L’erreur de tous les plans de "sauvetage" de la Grèce à ce jour est de vouloir contraindre les citoyens grecs vivre comme les Européens du nord. Cette erreur relève de l’obstination technocratique. Tout peuple a le droit de vivre comme il l’entend. Les arbitrages entre travail et loisirs, secteur public et privé, solidarité publique et familiale etc. constituent le socle du contrat social relevant de la seule souveraineté du peuple. Entrer dans l’Union européenne ne saurait obliger à abandonner son pacte de société. Harmonisation des normes ne signifie pas lissage des esprits.
Sous peine d’être rejetée par les citoyens, la construction européenne doit laisser aux peuples la constituant la liberté de vivre comme ils le souhaitent sous la simple réserve de respecter quelques grandes valeurs fondamentales et de ne pas être débiteurs de leurs voisins.
C’est la définition d’une Europe fédérale. Ainsi pensée, l’Europe peut trouver une voie de sortie de crise qui assure sa pérennité.
Sortir de la crise, ce n’est pas contraindre la Grèce à rembourser la totalité de sa dette, même rééchelonnée. Ce n’est pas non plus contraindre les Grecs à faire de leur nation une "petite Allemagne". Le modèle allemand est tout à fait respectable mais ce n’est tout simplement pas le modèle de société choisi par le peuple grec.
Sortir de la crise, c’est permettre aux Grecs de rembourser un montant raisonnable de leurs dettes, de reconstruire une économie pérenne et respectueuse de leur culture tout en gardant leur attachement l’Union Européenne. Pour ce faire, il faut d’une part autoriser le défaut de paiement de la Grèce et d’autre part la mettre à l’abri temporairement de la concurrence mondiale.

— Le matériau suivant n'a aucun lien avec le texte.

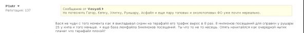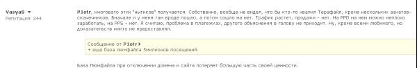 В процентном соотношении посещаемость лафайла составляет 0,5625% от посещаемости терафайла. НО поскольку Василий нигде не видел что терафайл хвалят а именно это является показателем доходности файлообменников то он внимательно ждет когда же выстрелит лафайл точнее выплывет и судя по тому что он его вспомнил лафайл это нереально перспективный и доходный проект чуть ли не единственный и самое главное он для паблик форумов, ну то есть хороший он, но почему то всего 1500 человек в сутки его посещает, но хороший.

Interdire à la Grèce le défaut de paiement, c’est l’obliger à mettre en œuvre de manière violente un vaste plan de privatisations et une politique d’austérité stricte. Ces cessions signifieront que des pans entiers de l’économie grecque - dont des services publics de première nécessité - vont passer sous contrôle étranger.
Le retour à l’équilibre budgétaire exigera quant à lui une diminution drastique des dépenses publiques. Cet exercice entraînera une grave récession dans le pays. La Grèce va perdre une partie de sa souveraineté en même temps que des millions de Grecs vont connaître la pauvreté. A cette dernière va s’ajouter le sentiment d’humiliation d’un peuple entier.
Autoriser le défaut de paiement, c’est donner un ballon d’oxygène au pays pour permettre une reconstruction nationale dans un délai supportable par le peuple grec.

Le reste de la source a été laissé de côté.